La acumulación de “falsas verdades” y de mentiras alimentadas desde el poder ha tenido como foco estelar los Estados Unidos de América. Allí, la batalla incesante a la realidad, con el cuestionamiento de toda lógica practicada por Donald Trump y su imperio mediático, ha terminado por consolidar una corriente sectaria destructiva . El movimiento “QAnon”, protagonista en de la toma del Capitolio, ha vivido en los rincones más oscuros de Internet hasta encontrar un lugar en las redes sociales y dentro del partido republicano.
“QAnon” alberga en su seno a supremacistas blancos, a negacionistas de todo tipo y a activistas de extrema derecha. Su fundamento se basa en una teoría de la conspiración según la cual, por debajo de la sociedad aparentemente real existe una estructura de poder oculta adoradora de satanás y que, entre sus perversidades encuentra el sustento de las redes de pederastia. En esta conjura alucinante, formarían parte del “Estado oculto” miembros del partido Demócrata como Hillary Clinton o Barack Obama, millonarios como Bill Gates o Georges Soros, estrellas del cine y la televisión como Tom Hanks u Oprah Winfrey y hasta el mismísimo Papa Francisco. Frente a todo ellos, “QAnon” contrapone a un “salvador” ; Donald Trump. El único capaz de acabar con esa corrupción.
En condiciones normales, una fabulación de estas características nos haría sonreír, pero cuando hasta el propio FBI ha llegado a considerar a “QAnon” como “una amenaza terrorista nacional”, el fenómeno en cuestión comienza a dar miedo. El nacimiento de este grupo anárquico y su continua infiltración en la vida norteamericana, es el resultado de la campaña de desinformación rusa que tuvo como objetivo las elecciones estadounidenses en 2016.
Si bien la interacción rusa tenía un objetivo aparente -influir en los votantes para elegir a Trump-, “QAnon” no fija un objetivo concreto. Su única pretensión es “cuestionarlo todo”. Y ese cuestionamiento ha calado en la opinión pública.
En una realidad volátil y de cimientos líquidos, donde la incertidumbre parece dominar nuestros destinos, las conspiraciones que representan “QAnon” ofrece a sus adeptos una historia aparente a la que aferrarse. Una historia distinta y alternativa a la aburrida rutina del día a día. Es, por lo tanto, una oportunidad para que gente común pretenda salir del anonimato, alimentada por una épica casi sobrenatural.

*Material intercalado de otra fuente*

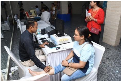
220. 01-07-2023 Bone Mineral Density Test at Makoons Pre School, Chattarpur Enclave Phase 2, New Delhi.
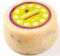
Monna Lisa Pistacchio ML047 gr. 500
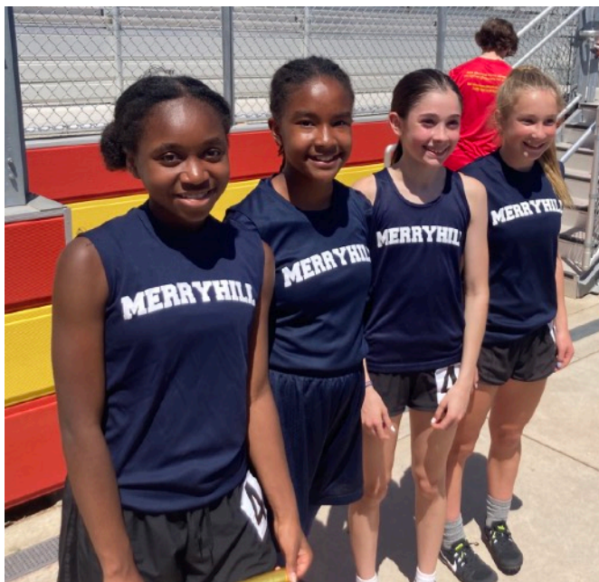
Midtown's JV Girls 4x100m record breakers!
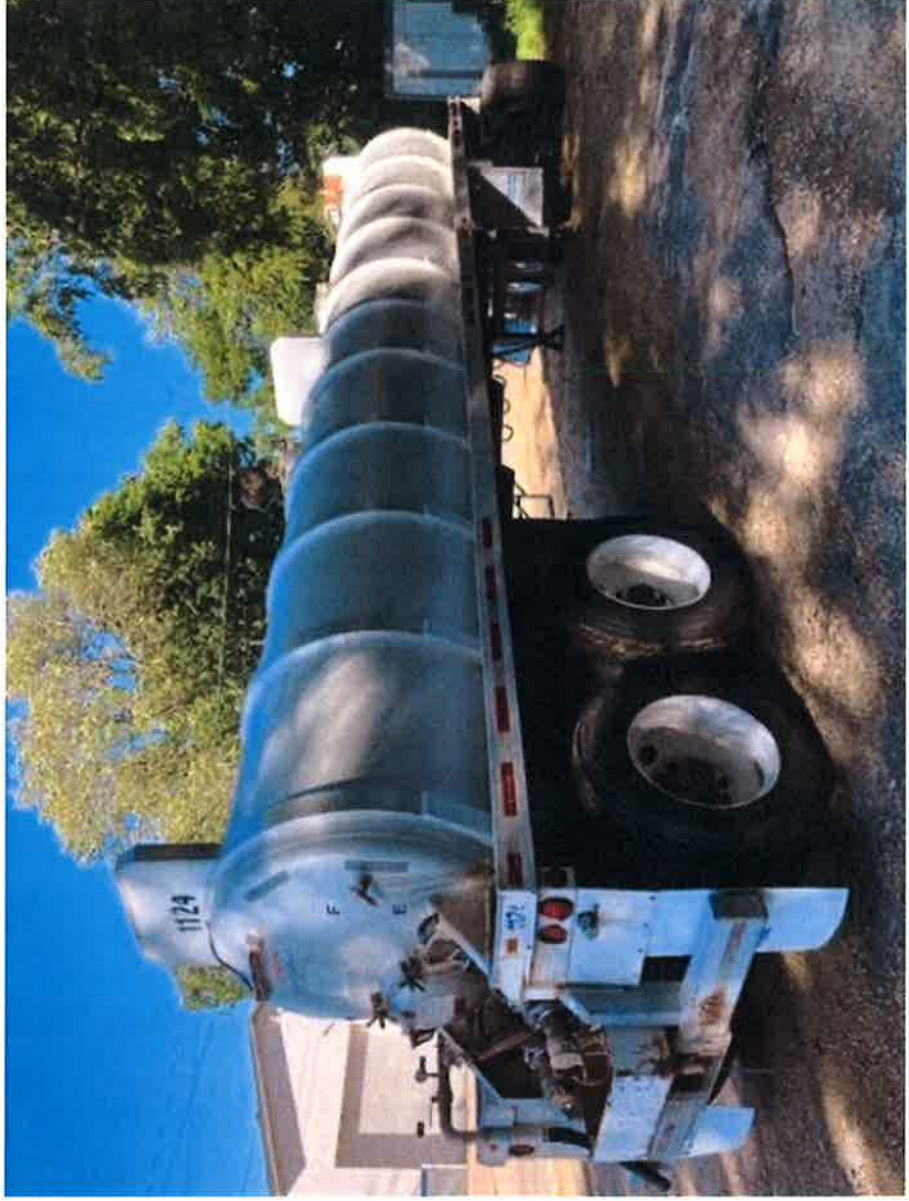
2010 Dragon 6300 Gallon
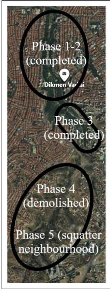
Figure 1. Dikmen Valley urban redevelopment and housing project area as phases.

and Özdemir, 2006: 8). The housing and urban redevelopment project started in 1989 proposing a relocation model based on self-financing. The new luxurious housing units were marketed, and the money was used to resettle squatter dwellers in affordable apartments in the area (Uzun, 2005: 188). The project was planned to be implemented in five stages (see Figure 1). It targeted integrating the former squatter dwellers resettled in the east and the upper-income groups in the west by connecting them with a two-storey bridge hosting social and commercial facilities such as a cinema, retailers and cafes (Eren, 2016: 67). The first two stages were in accordance with the original plan, and squatter dwellers
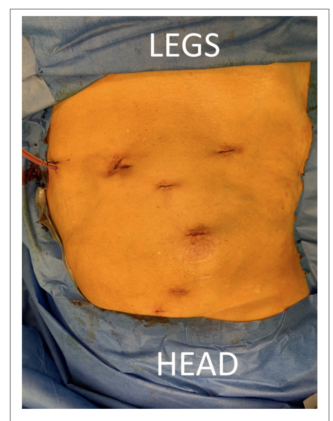
FIGURE 4 | Final result.

computed tomography was performed which demonstrated pulmonary embolism. Therapeutic anticoagulation was started and continued for 6 months (Clavien-Dindo grade 2) (16). Duplex ultrasonography revealed a deep venous thrombosis of the right popliteal vein. The patient already had chronic lymphedema of the right leg pre-operatively which remained stable postoperatively. No further complications were recorded during the first 3 months postoperatively.

El fenómeno “QAnon” –infiltrado en las bases del partido Republicano- es una amenaza en los Estados Unidos. Está claro que la conspiración de la que nos habla no existe. Pero sí existe el peligro de la comunicación sin filtros por internet. La inestabilidad de la manipulación de masas o el riesgo de fractura social provocada por una estrategia permanente de polarización política.
Vivimos tiempos de inflación informativa. De comunicación a granel en la que se mezcla lo importante y aleatorio, lo contrastado y el rumor, la verdad y la mentira. El desbordamiento comunicativo no es sinónimo de transparencia ni de una mejor base para la formación del criterio personal. Al contrario, la saturación de noticias de desigual rigor es el medio perfecto en el que la desinformación, entendida como técnica de combate, mejor de desenvuelve.
Los medios de comunicación tienen la enorme responsabilidad de poner más énfasis en verificar los contenidos que se difunden, de mantener separadas información de opinión, de contrastar adecuadamente sus fuentes y no ofrecer tribuna a quienes alienten conspiraciones indemostrables. Y la ciudadanía, todos nosotros, debemos aprender a escuchar más. A entender las posiciones de los demás y a tener un espíritu crítico que destierre verdades absolutas que muchas veces nos conducen a la ofuscación.
Así, y solo así atraparemos antes al mentiroso que al cojo. Aunque aquel corra mucho y por todas partes.